Йохан вдруг обнаружил, что темноволосая Мэри наконец-то отпустила его и отправилась искать свою дочь, у мужа которой сегодня, оказывается, тоже был день рождения, из-за чего, собственно, и собралось так много молодежи. Джеймс и Адель были заняты осмотром сачка для ловли рыбы и светили себе электрическим фонариком. Йохан знал, что Джеймс давно уже как-то приспособился к своему увечью за прошедшие после несчастного случая десять лет, но все-таки с сожалением, в задумчивом молчании смотрел, как неуклюже тесть держит сачок за длинную ручку и с нежностью смотрит на него, словно понимая, что ловля «лампаро» – одно из старинных его пристрастий – теперь ему недоступна, во всяком случае как самостоятельному рыболову, потому что для этого требуется крепкая хватка обеих рук. Однако самого Джеймса печальные мысли мучили явно недолго; он, что-то шепнул на ухо своей подруге, и Адель вдруг с притворным гневом принялась дубасить его кулаком по спине, что-то сердито восклицая при этом. Во время этого небольшого представления, еще до того, как вернулась Мэри, тащившая на буксире дочь и зятя, крепкого светловолосого юношу, Йохан узнал, что Адель и Мэри выросли вместе на северном берегу Брид-ривер, в нескольких километрах от ее устья; обе сохранили самые теплые отношения с многочисленными родственниками, по-прежнему проживавшими на фермах.

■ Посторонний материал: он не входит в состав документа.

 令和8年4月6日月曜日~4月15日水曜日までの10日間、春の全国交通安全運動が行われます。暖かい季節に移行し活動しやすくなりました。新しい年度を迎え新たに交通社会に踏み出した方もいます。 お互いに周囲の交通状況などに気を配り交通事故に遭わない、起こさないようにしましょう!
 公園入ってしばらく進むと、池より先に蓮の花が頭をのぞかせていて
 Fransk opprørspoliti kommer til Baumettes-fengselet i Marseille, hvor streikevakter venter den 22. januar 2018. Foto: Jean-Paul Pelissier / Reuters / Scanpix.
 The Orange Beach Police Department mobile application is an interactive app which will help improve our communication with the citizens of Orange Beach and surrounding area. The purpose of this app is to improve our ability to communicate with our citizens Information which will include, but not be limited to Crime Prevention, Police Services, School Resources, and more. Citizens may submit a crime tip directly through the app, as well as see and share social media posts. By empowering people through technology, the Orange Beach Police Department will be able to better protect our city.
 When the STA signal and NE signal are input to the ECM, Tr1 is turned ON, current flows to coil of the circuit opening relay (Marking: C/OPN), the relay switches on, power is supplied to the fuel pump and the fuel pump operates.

А Джеймс с некоторой гордостью объявил, что Адель несколько лет держала первое место среди здешних рыболовов, поймав горбыля-холо весом в сто двадцать два фунта. Ее даже сфотографировали с этой рыбиной прямо на речной отмели. Однако Джеймс, усмехаясь, предположил, что, видимо, горбыль просто грохнулся в обморок, стоило ему увидеть Адель, а потому и сдался без боя, и тут же получил новую порцию тумаков. Йохан узнал также, что ялик с подвесным мотором принадлежит Адель и что у нее есть сын, который приезжает домой в отпуск, а вообще служит в полиции Йоганнесбурга.
Аромат жарившегося на решетке мяса возбуждал аппетит, и Йохан обнаружил вдруг, что голоден. А еще ему захотелось, чтобы Делия тоже оказалась здесь: он знал, что никогда не сумеет описать ей этот волшебный вечер.

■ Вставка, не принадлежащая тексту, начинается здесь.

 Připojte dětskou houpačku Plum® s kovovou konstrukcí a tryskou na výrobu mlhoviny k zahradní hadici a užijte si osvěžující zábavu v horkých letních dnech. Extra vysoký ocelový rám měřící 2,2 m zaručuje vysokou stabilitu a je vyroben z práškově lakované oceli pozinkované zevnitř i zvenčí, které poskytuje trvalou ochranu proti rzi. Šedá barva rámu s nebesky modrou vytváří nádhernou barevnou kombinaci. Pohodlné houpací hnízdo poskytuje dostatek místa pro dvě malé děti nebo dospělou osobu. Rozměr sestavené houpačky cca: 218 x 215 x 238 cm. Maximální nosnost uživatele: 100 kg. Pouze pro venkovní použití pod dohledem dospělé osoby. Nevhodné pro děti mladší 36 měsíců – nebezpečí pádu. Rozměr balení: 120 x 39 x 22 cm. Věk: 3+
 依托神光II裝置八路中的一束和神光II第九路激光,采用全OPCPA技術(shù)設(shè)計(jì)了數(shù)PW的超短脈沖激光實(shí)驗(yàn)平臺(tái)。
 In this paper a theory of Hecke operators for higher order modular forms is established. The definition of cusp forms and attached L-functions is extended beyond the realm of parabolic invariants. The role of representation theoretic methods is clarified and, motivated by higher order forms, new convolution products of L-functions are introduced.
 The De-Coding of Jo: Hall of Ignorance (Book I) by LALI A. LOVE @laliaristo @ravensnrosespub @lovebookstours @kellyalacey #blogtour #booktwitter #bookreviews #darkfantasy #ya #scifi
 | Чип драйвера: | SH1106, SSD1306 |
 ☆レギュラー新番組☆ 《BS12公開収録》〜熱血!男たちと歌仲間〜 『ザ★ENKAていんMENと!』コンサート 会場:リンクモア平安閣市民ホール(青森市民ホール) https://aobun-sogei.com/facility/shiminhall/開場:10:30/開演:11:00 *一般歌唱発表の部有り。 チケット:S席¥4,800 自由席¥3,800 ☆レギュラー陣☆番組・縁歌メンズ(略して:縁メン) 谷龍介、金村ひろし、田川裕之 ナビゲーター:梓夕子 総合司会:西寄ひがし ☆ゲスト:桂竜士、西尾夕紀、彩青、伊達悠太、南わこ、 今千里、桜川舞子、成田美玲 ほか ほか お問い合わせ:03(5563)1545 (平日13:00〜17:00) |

– Эх, парень! – конечно же скажет она. – Ну а теперь объясни мне как следует, кто такая эта Адель, черт возьми! Откуда у нее лодка и при чем здесь какая-то рыба? И вообще, какое отношение имеет Брид-ривер к вашей попойке? Нет, ты все-таки настоящий тупица! Мало мне моего драгоценного папочки с его вечными выдумками!
Он решил, что лучше совсем ничего не скажет ей о Мэри, – все равно ей этого не понять. Кстати, Мэри явилась именно в тот момент, когда Джеймс стал разливать спиртное, а потом отправилась с Йоханом печь в золе его знаменитые лепешки, и Йохан счел, что хватит ему беспокоиться насчет Делии, пора на время забыть о ней и просто веселиться вместе со всеми. Это, конечно, было не то, что охота на южноафриканских газелей, но все-таки тоже неплохо, особенно для тех, кто родом не с Большого Карру.
К полуночи, когда начался прилив, участники пирушки разделились. Молодежь в основном сосредоточилась у автоприцепа с навесом, откуда доносилась рок-музыка, нисколько не мешавшая остальным слушать у костра магнитофон Мэри.
Где-то среди ночи, когда, к счастью, вся еда была уже приготовлена, кончилось топливо для костра, и «фуражиры»-добровольцы стали группами уходить во тьму; вскоре одна из групп приволокла несколько вымазанных креозотом столбов, которые теперь ярко горели, создавая в ночи ощущение пожара и испуская ядовитый черный дым, который, правда, тут же словно растворялся на фоне темных небес. Мэри однажды побывала в Греции и теперь упорно желала обучить совершенно не сопротивлявшегося и удивительно неуклюжего Йохана греческому танцу «сиртаки». Йохан умел с трудом танцевать только вальс и еще один танец жителей Карру под названием «ваштрап», так что у них с Мэри ничего не получалось, и в итоге они, споткнувшись обо что-то в темноте, рухнули на землю, выпав из круга красного креозотового сияния и изрядно насмешив Джеймса.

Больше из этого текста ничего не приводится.